GAIN[1] is based on interaction information between three attributes; in this case, between two single nucleotide polymporphisms (SNPs) and a class or phenotype attribute. Interaction information is the gain in phenotype information obtained by considering SNP A and SNP B jointly beyond the phenotype information that would be gained by considering SNPs A and B independently.

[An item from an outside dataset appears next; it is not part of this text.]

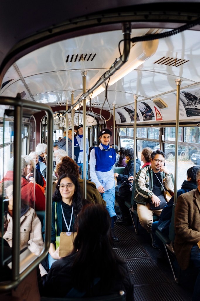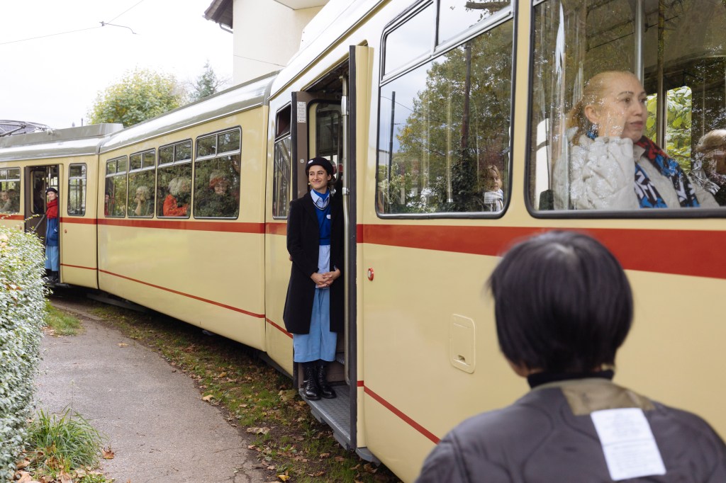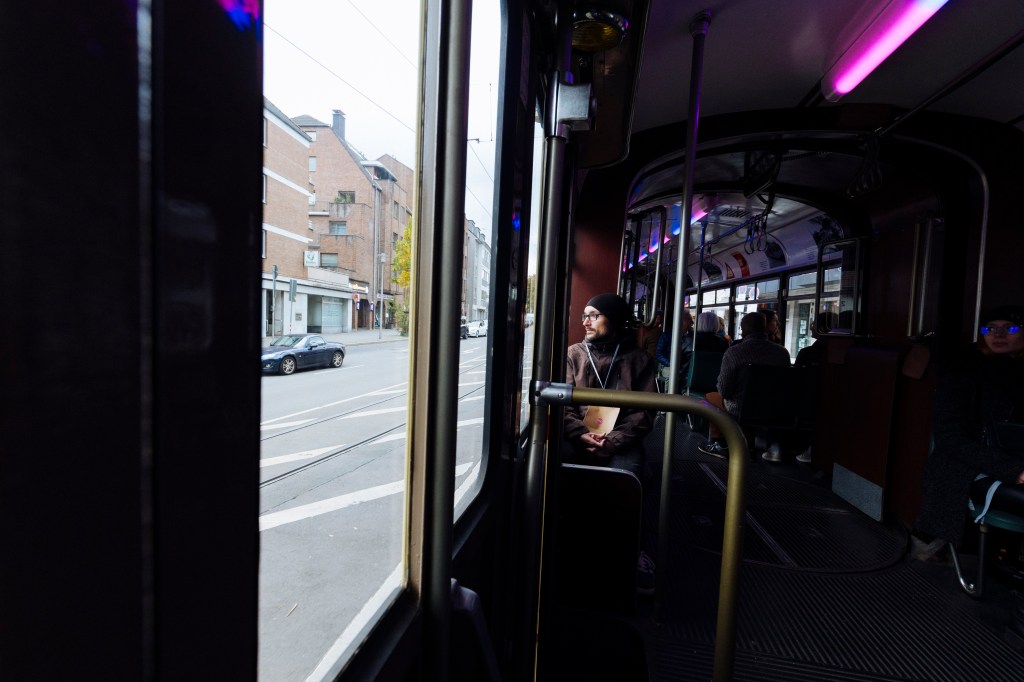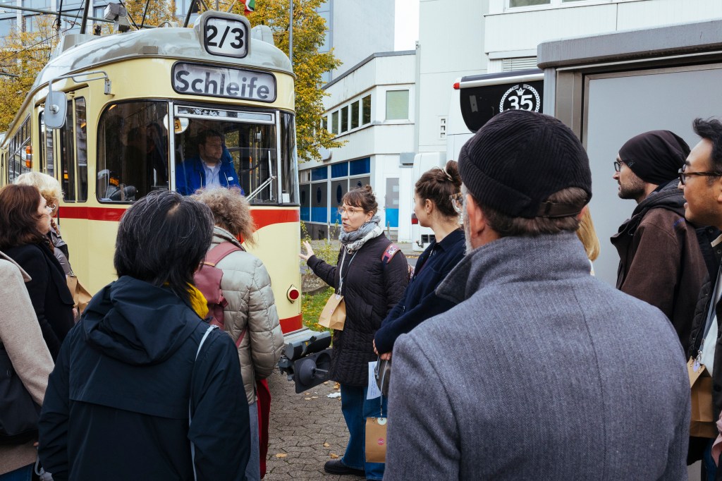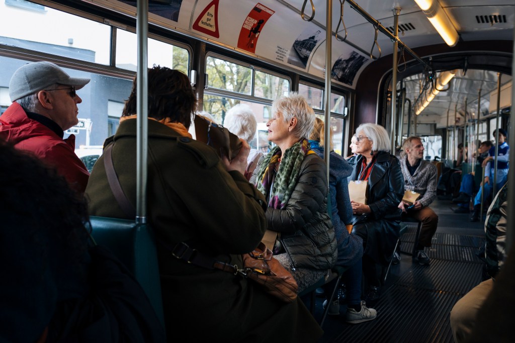 Der Konzeptkünstler miu und sein Team laden zu einem performativ-installativen Ausflug ein. Los geht es im Theaterfoyer, dann steigt das Publikum in einen historischen Straßenbahnwagen und fährt an einen speziell inszenierten Ort im Stadtraum (und wieder zurück). Unterwegs eröffnen sich ungewöhnliche Perspektiven auf Bewegung in der Stadt: Alltägliche Fortbewegungsmethoden verwandeln sich in heimliche Choreografien, bekannte Geräusche und die Stimmen der drei Performerinnen verdichten sich zu akustischen Warteräumen. Der Ort des Transits wird zum Ort des Verweilens, zukunftsgerichtete Wartezeit wird zur Erkundung des Jetzt. Es gibt eine offene Audiodeskription, die für nichtsehendes wie sehendes Publikum den Raum, Bewegungen und unsichtbare Verknüpfungen in Worte fasst, und die zum Teil der Klanglandschaft wird. Als Teil zwei der Trilogie „train train“ wird das Projekt in Kooperation mit der Arbeitsgemeinschaft historischer Nahverkehr Düsseldorf e.V. „Linie D“ und der Rheinbahn realisiert.

This software was created as a bioinformatics tool for usage by our research group, In Silico, as well as other researchers and interested parties.
pygain is developed and tested on 64-bit Linux (Ubuntu), but should work on any platform supported by Python (Python version 2.6.5 tested).
To run pysnprank from command-line:
./gain.py -i plink-data.raw -o gain-matrix.txt
Additional parameters: Usage: gain.py [OPTIONS]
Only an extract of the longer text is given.